由此我想对具有相同标签的所有值求和（相同的标签总是相邻）并以相同的标签顺序返回一个列表：

[('grape', 103), ('apple', 29), ('banana', 3)]

我知道我可以通过以下方式解决它：

def group(l):
    result = []
    if l:
        this_label = l[0][0]
        this_count = 0
        for label, count in l:
            if label != this_label:
                result.append((this_label, this_count))
                this_label = label
                this_count = 0
            this_count += count
        result.append((this_label, this_count))
    return result

但是有没有更 Pythonic/优雅/有效的方法来做到这一点？

【问题讨论】：

标签： grouping python

【解决方案1】：

使用 itertools 和列表推导

import itertools

[(key, sum(num for _, num in value))
    for key, value in itertools.groupby(l, lambda x: x[0])]

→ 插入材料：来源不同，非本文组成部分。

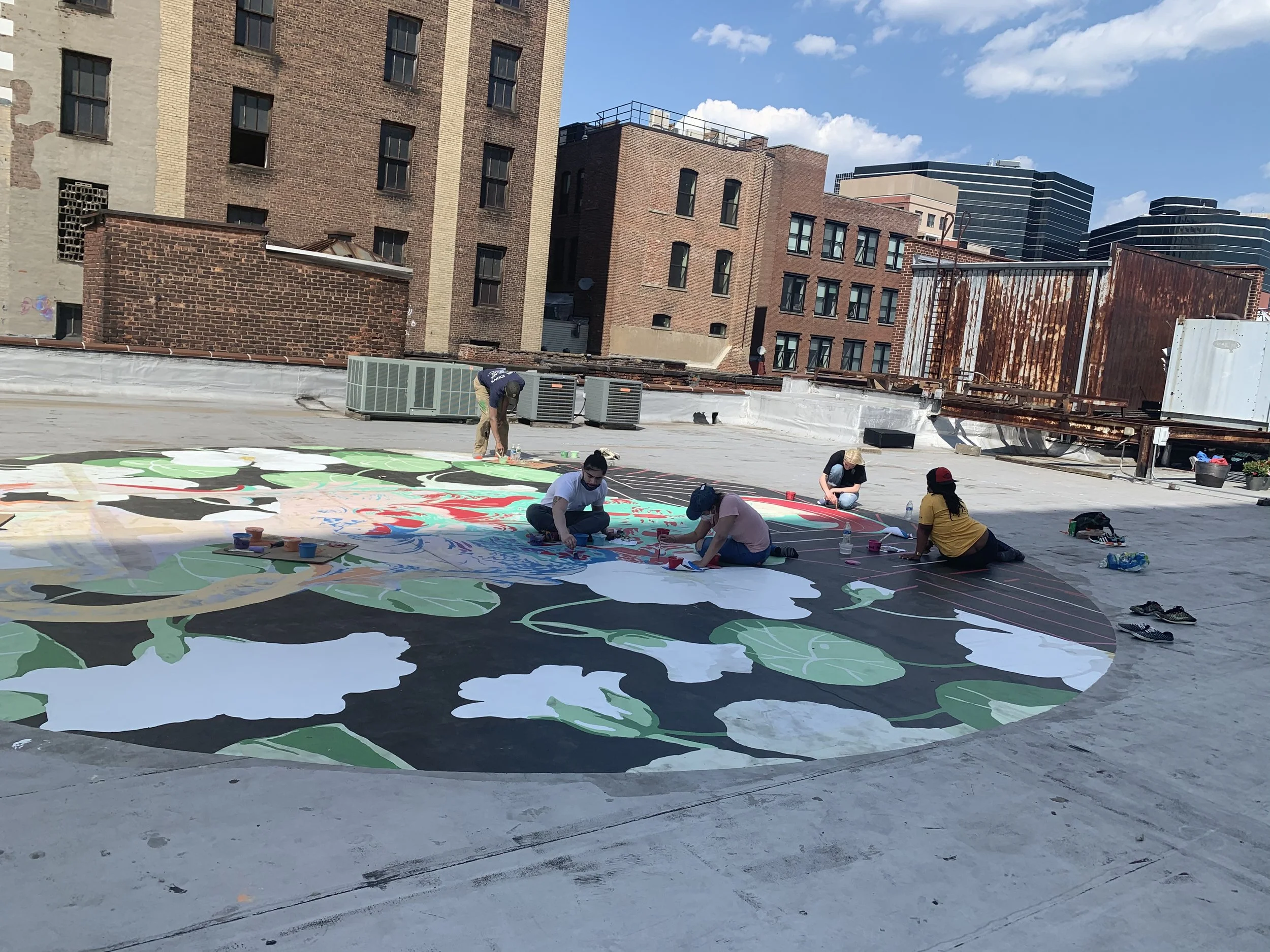 Featuring an image created for a body of work that would become the Interior Dialogue exhibition displayed at Long Gallery Harlem, this mural was painted by myself and members of the Newark, New Jersey artist community on the roof of the artist organization, Project for Empty space in downtown Newark.

编辑：正如 gnibbler 指出的那样：如果 l 尚未排序，则将其替换为 sorted(l)。

【讨论】：

要使用 groupby，您必须首先确保序列已预先分组（所有“葡萄”相邻，等等）。一种方法是先对序列进行排序
@Thomas Wouters，是的，你是对的（“相同的标签总是相邻的”）

【解决方案2】：

itertools.groupby可以为所欲为：

import itertools
import operator

L = [('grape', 100), ('grape', 3), ('apple', 15), ('apple', 10),
     ('apple', 4), ('banana', 3)]

def accumulate(l):
    it = itertools.groupby(l, operator.itemgetter(0))
    for key, subiter in it:
       yield key, sum(item[1] for item in subiter) 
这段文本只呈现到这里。